Saturday, 27 October 2018

Paul McCartney - Ram (1971)


Released May 1971

Recorded in New York and Los Angeles

After the deliberately "home-made" feel of 1970's "McCartney", Paul McCartney continued in the same vein, to an extent, although this album benefits from a much fuller, more powerful production - more electric guitar, for example. It did still have that ramshackle feel to it, though, as if it were recoded in one of McCartney's farm buildings (it had not, see above). The whole "folk rock" laid-back thing was de rigeur at the time - Dylan, CSNY, The Byrds, Van Morrison, they were all at it. Why not McCartney? He ad a ten year legend to de-construct, after all. I am being facetious, but you certainly got the impression he just wanted to do some carefree, enjoyable music under no pressure. That is exactly what this album is. It doesn't really beggar too much analysis.


1. Too Many People
2. 3 Legs
3. Ram On
4. Dear Boy
5. Uncle Albert/Admiral Halsey
6. Smile Away
7. Heart Of The Country
8. Monkberry Moon Delight
9. Eat At Home
10. Long Haired Lady
11. Ram On (reprise)
12. In The Back Seat Of My Car

"Too Many People" is a confident, solid rock song, with potent drums and electric guitar and a memorable hook. "3 Legs" is a light, folky and vaguely bluesy, enjoyable but inessential number. "Ram On" has McCartney in Beatles-style vocal tone, but is a pretty throwaway short piece of innocent, unthreatening fun. It doesn't really get anywhere, neither it supposed to. Stuff like this sounds like something laid down in a spare few minutes in the studio, with no real intention release.

The wistful, Beatles-esque "Dear Boy" has a hint of the material that Wings would put out over the subsequent years. It is, like all the album, cheerful, melodic and unashamedly unchallenging. McCartney still also had time for a bit George Martin-style orchestrated whimsy in the irritating but annoyingly memorable "Uncle Albert/Admiral Halsey". The former with its "Yellow Submarine" silly voices and the latter with its cheery brass and more haughty voices give Beatles followers their dose of McCartney silliness. Personally, I have always hated it, but still find myself singing along to it. It is another very Wings-like prototype. You almost expect it to launch into "ho hey ho" near the end.

As I said at the beginning, though, there is a fuller, rockier sound to some of this album, and we get some more rock with the chunky introductory riffs, electric guitar backing and doo-wop of "Smile Away". If this had been on "Abbey Road" everybody would have said it was great. As it was, the public at the time remained underwhelmed by McCartney's output, which was a bit of a shame because, if one forgets about The Beatles, this isn't a bad album. Then again, though, if it hadn't been for The Beatles, he wouldn't have got away with an album as quirky as this.
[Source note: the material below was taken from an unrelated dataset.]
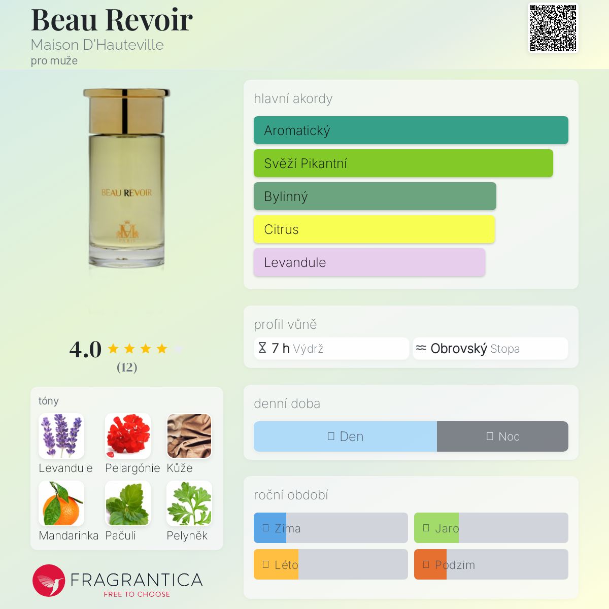 Beau Revoir podle Maison D'Hauteville je Woody Aromatic vůně pro muže. Beau Revoir byla spuštěna během 2010. Beau Revoir byl/a vytvořen/a Stéphanie d\'Hauteville, Arthur d\'Hauteville a Thomas d\'Hauteville. Vrchní tóny jsou Kůže, Mandarinka, Pačuli, Bergamot, Petitgrain, Fazole tonka, Cedr a Květinové tóny; střední tóny jsouLevandule, Pelargónie, Pelyněk a Hřebíček ; základní tóny jsou Pačuli, Fazole tonka a Cedr.

"Heart Of The Country" is blissfully pleasant and endearing, McCartney expressing the pleasures of his bucolic life. Lyrically and musically, it is enjoyable. "I want a horse, I got sheep, I want to get me a good night's sleep...". 

"Monkberry Moon Delight" is another Wings-ish jaunty rocker. It is more proof that this is a more fulfilled, credible album than its predecessor. I have always quite the rock 'n' roll groove of "Eat At Home". "Let's eat in bed" declares McCartney, as if he were singing to Yoko. "Long Haired Lady" is musically inventive, atmospheric and credible. It amazingly manages to eke six minutes out of not much at all though. The brass part at the end is appealing, however, but the track is two minutes too long. "Ram On" is briefly and pointlessly reprised before the album's final and possibly best track, "In The Back Seat Of My Car". It is a bit indulgent in places, but it is full of good points as it veers tunefully here and there.

It is a shame the heavy "Oh Woman, Oh Why" from the bonus material didn't make it on to the album, or the seriously powerful rock of "Rode All Night". It would be a totally different album, and perceived so differently.